* [Your objective] Go through the listing below, and from the line containing "Pour ingredients into" through its last line, transcribe every line exactly, skipping pictures.
*** Input data Section Begins ***
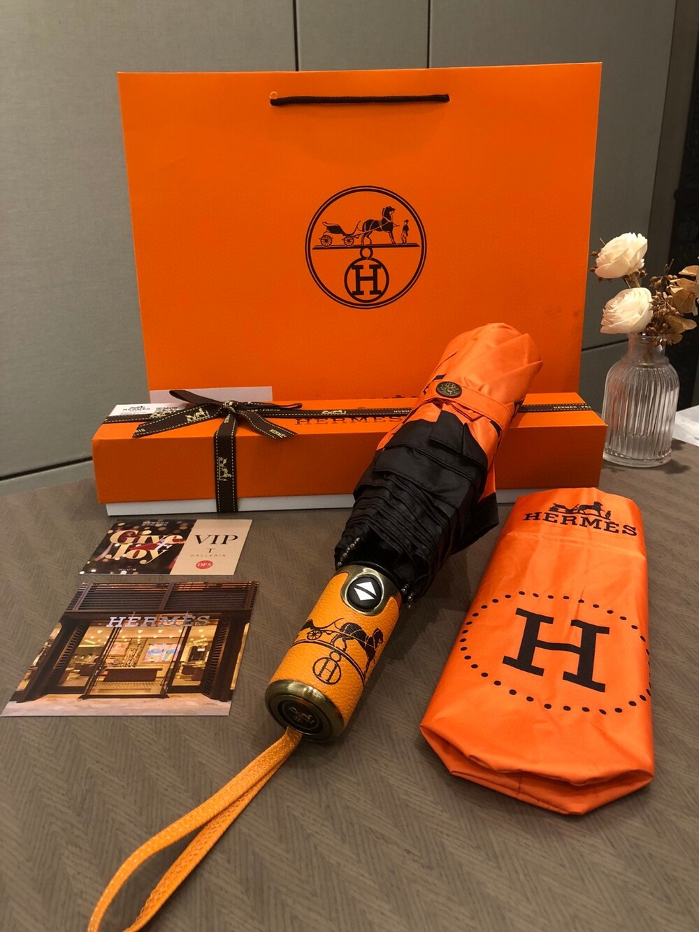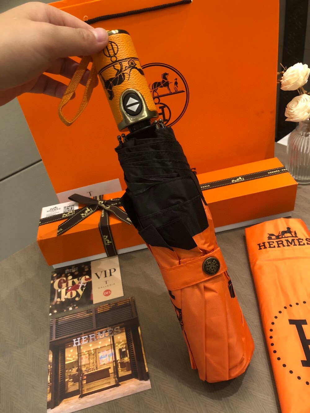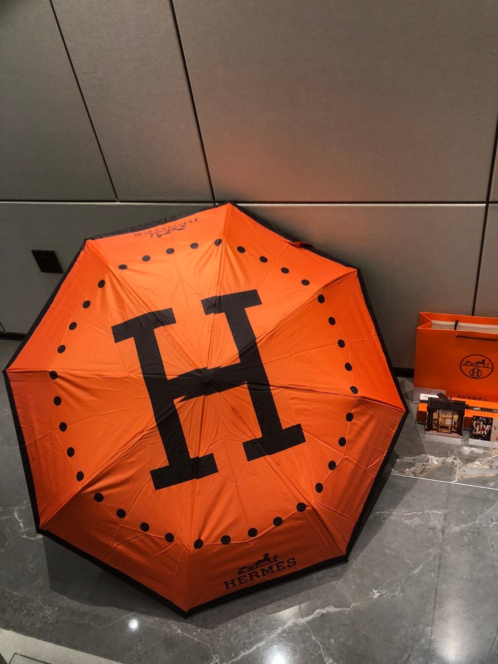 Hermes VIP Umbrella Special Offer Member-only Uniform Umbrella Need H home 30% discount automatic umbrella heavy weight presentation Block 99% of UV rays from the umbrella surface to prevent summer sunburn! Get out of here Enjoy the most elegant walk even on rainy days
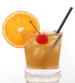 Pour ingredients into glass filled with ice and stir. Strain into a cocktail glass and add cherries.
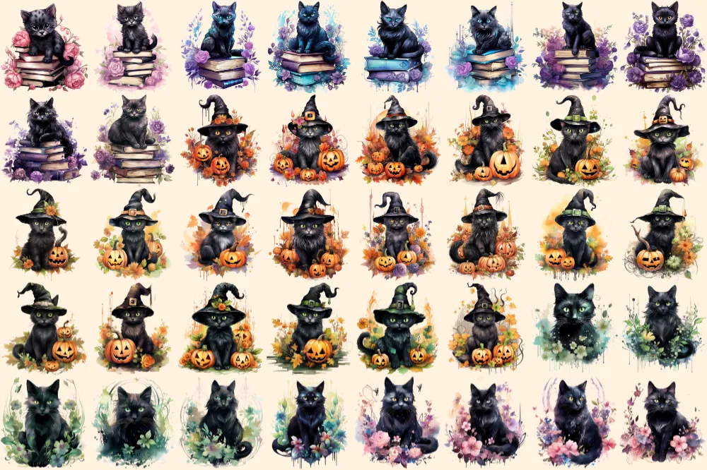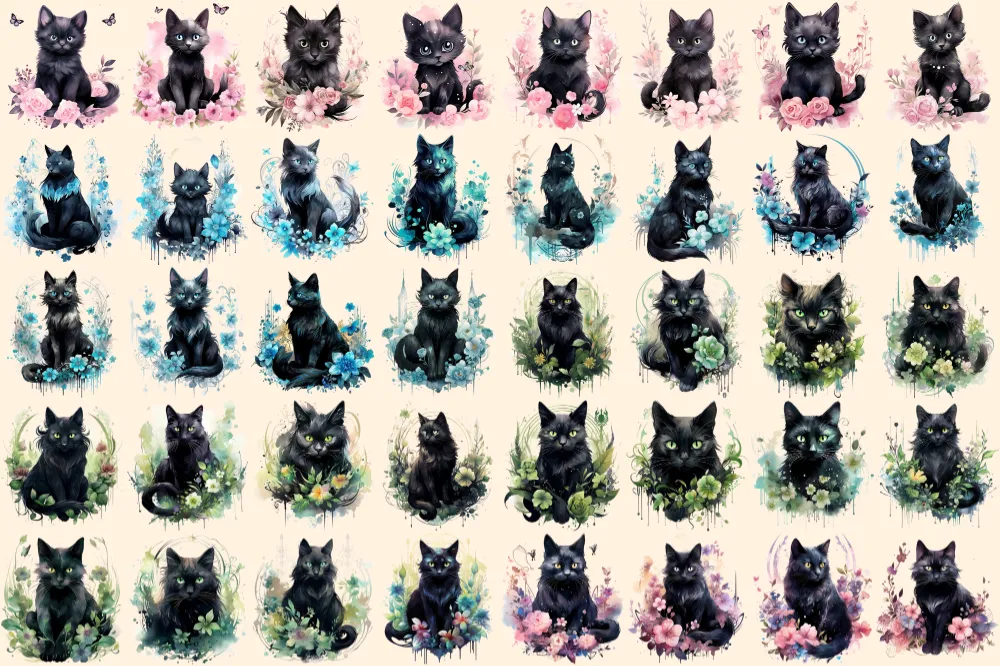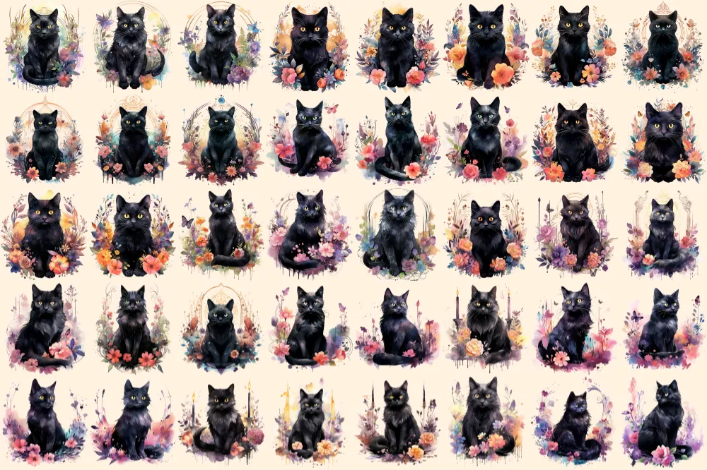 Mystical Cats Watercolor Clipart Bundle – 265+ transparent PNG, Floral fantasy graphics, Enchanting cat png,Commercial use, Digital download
*** Input data Section Ends ***
* [Exercise solution]
 Pour ingredients into glass filled with ice and stir. Strain into a cocktail glass and add cherries.
 Mystical Cats Watercolor Clipart Bundle – 265+ transparent PNG, Floral fantasy graphics, Enchanting cat png,Commercial use, Digital download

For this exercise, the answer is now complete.